*WORK TO BE COMPLETED*.
Give the lines again exactly as they appear below, from the line with "The A-frame is" to the line with "外观方面,新款阿维塔12基本", both included, and only those lines. Leave every picture out.

··· LISTED ENTRIES ···

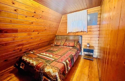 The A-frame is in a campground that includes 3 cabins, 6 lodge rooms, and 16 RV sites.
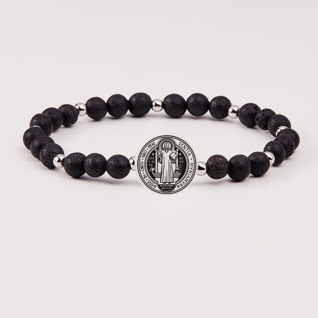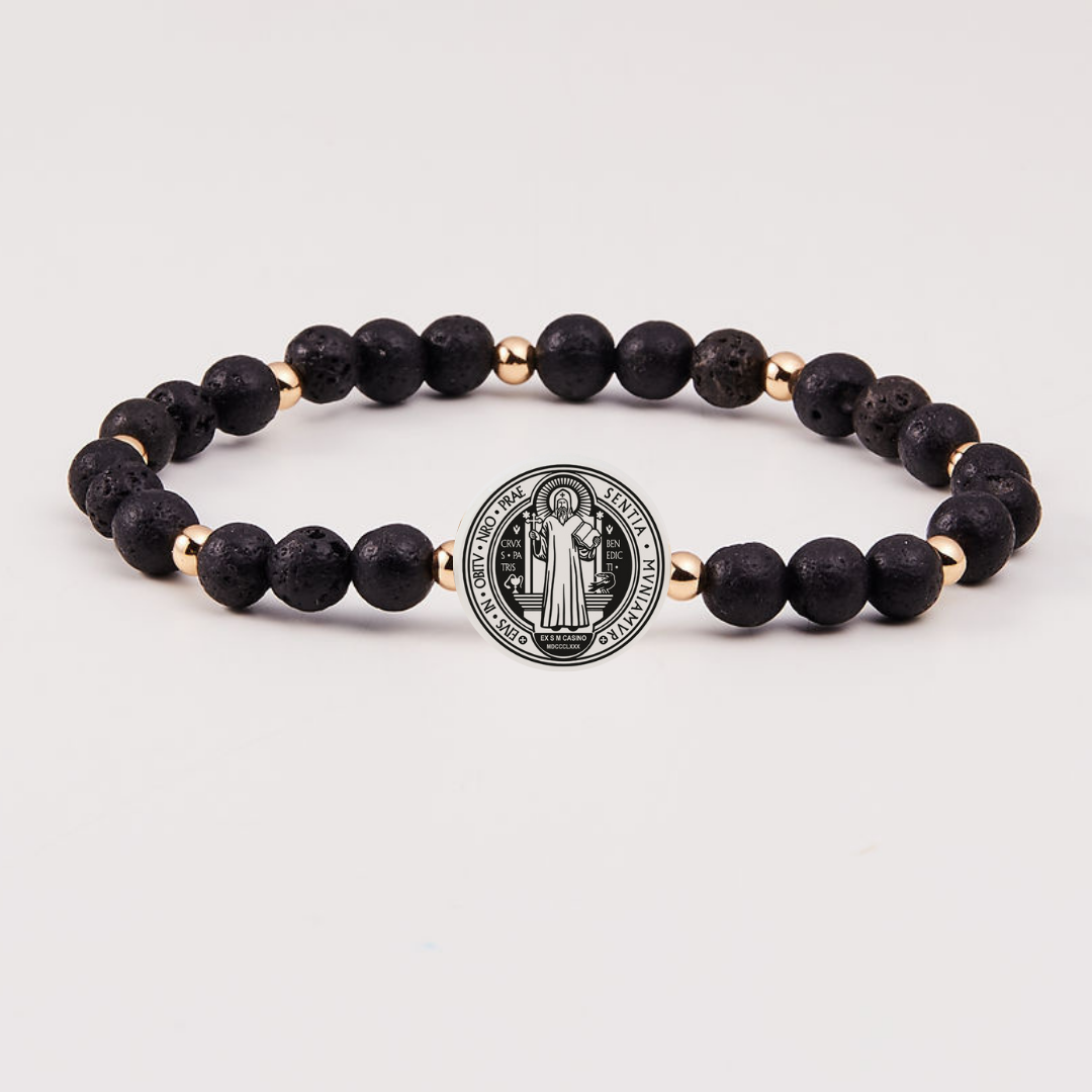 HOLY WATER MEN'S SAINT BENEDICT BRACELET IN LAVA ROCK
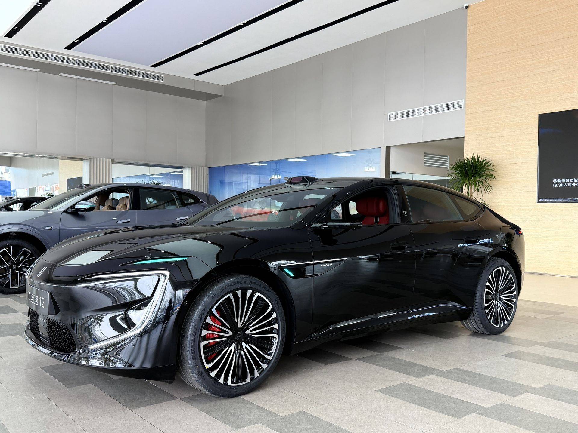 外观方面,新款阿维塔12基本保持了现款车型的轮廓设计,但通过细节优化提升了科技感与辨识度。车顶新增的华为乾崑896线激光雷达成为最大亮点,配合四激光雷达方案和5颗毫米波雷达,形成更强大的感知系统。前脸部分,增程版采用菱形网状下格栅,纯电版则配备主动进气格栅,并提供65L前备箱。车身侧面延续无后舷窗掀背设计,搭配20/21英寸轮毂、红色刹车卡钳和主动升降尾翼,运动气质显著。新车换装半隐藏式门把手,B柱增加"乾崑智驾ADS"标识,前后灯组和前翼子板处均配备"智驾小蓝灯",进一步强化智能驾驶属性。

···
··· LISTED ENTRIES ···

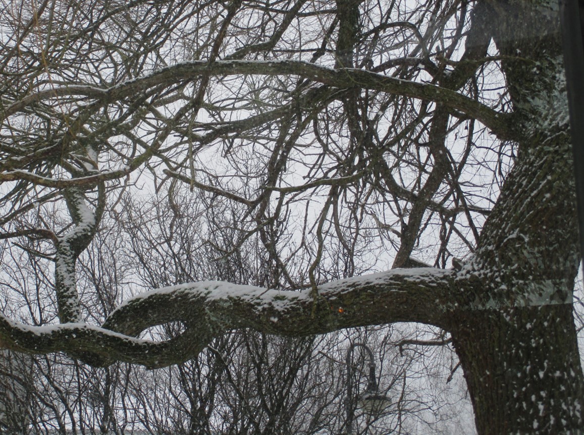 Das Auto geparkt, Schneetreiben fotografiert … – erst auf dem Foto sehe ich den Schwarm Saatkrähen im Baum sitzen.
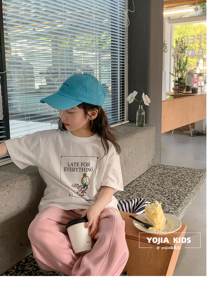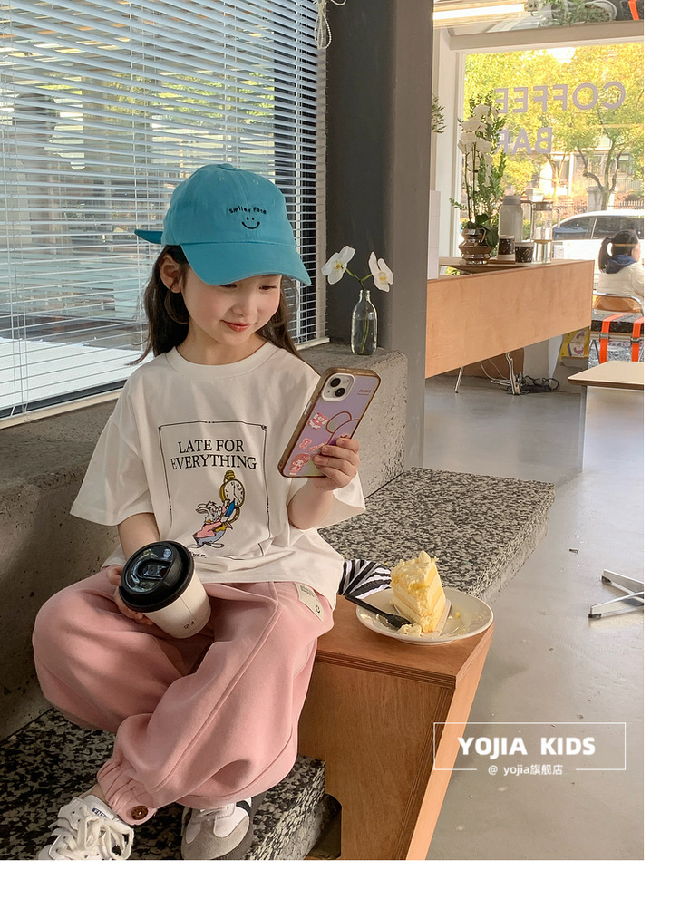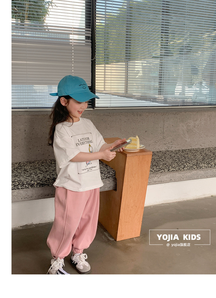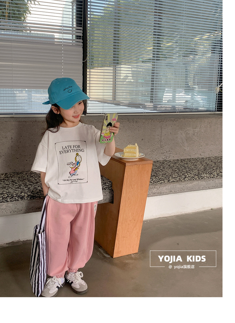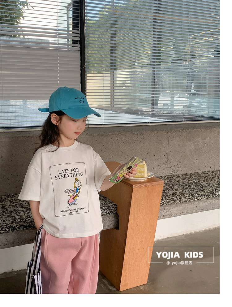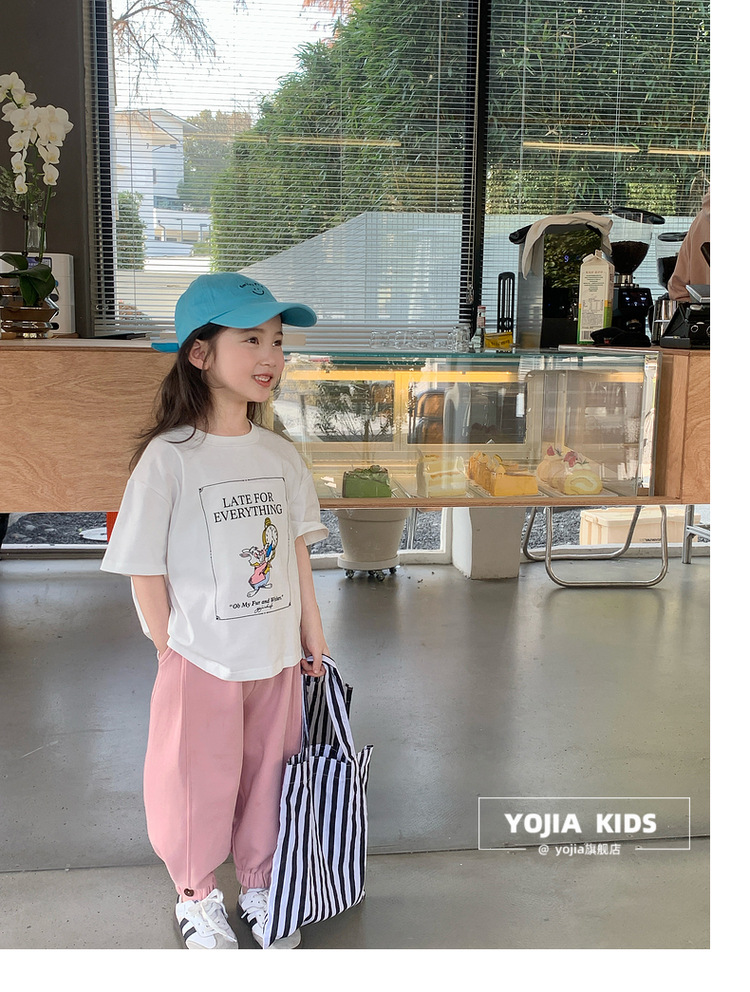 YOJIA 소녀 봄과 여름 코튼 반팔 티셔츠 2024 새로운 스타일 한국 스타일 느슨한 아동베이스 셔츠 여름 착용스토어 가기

···
··· LISTED ENTRIES ···

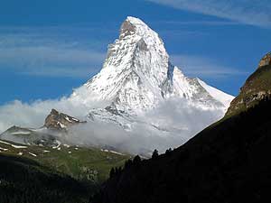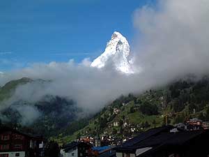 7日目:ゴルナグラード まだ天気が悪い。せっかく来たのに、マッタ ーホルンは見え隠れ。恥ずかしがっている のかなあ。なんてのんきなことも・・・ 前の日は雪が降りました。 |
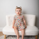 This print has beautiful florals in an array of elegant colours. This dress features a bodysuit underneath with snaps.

···

*SOLVED PROBLEM*.
 The A-frame is in a campground that includes 3 cabins, 6 lodge rooms, and 16 RV sites.
 HOLY WATER MEN'S SAINT BENEDICT BRACELET IN LAVA ROCK
 外观方面,新款阿维塔12基本保持了现款车型的轮廓设计,但通过细节优化提升了科技感与辨识度。车顶新增的华为乾崑896线激光雷达成为最大亮点,配合四激光雷达方案和5颗毫米波雷达,形成更强大的感知系统。前脸部分,增程版采用菱形网状下格栅,纯电版则配备主动进气格栅,并提供65L前备箱。车身侧面延续无后舷窗掀背设计,搭配20/21英寸轮毂、红色刹车卡钳和主动升降尾翼,运动气质显著。新车换装半隐藏式门把手,B柱增加"乾崑智驾ADS"标识,前后灯组和前翼子板处均配备"智驾小蓝灯",进一步强化智能驾驶属性。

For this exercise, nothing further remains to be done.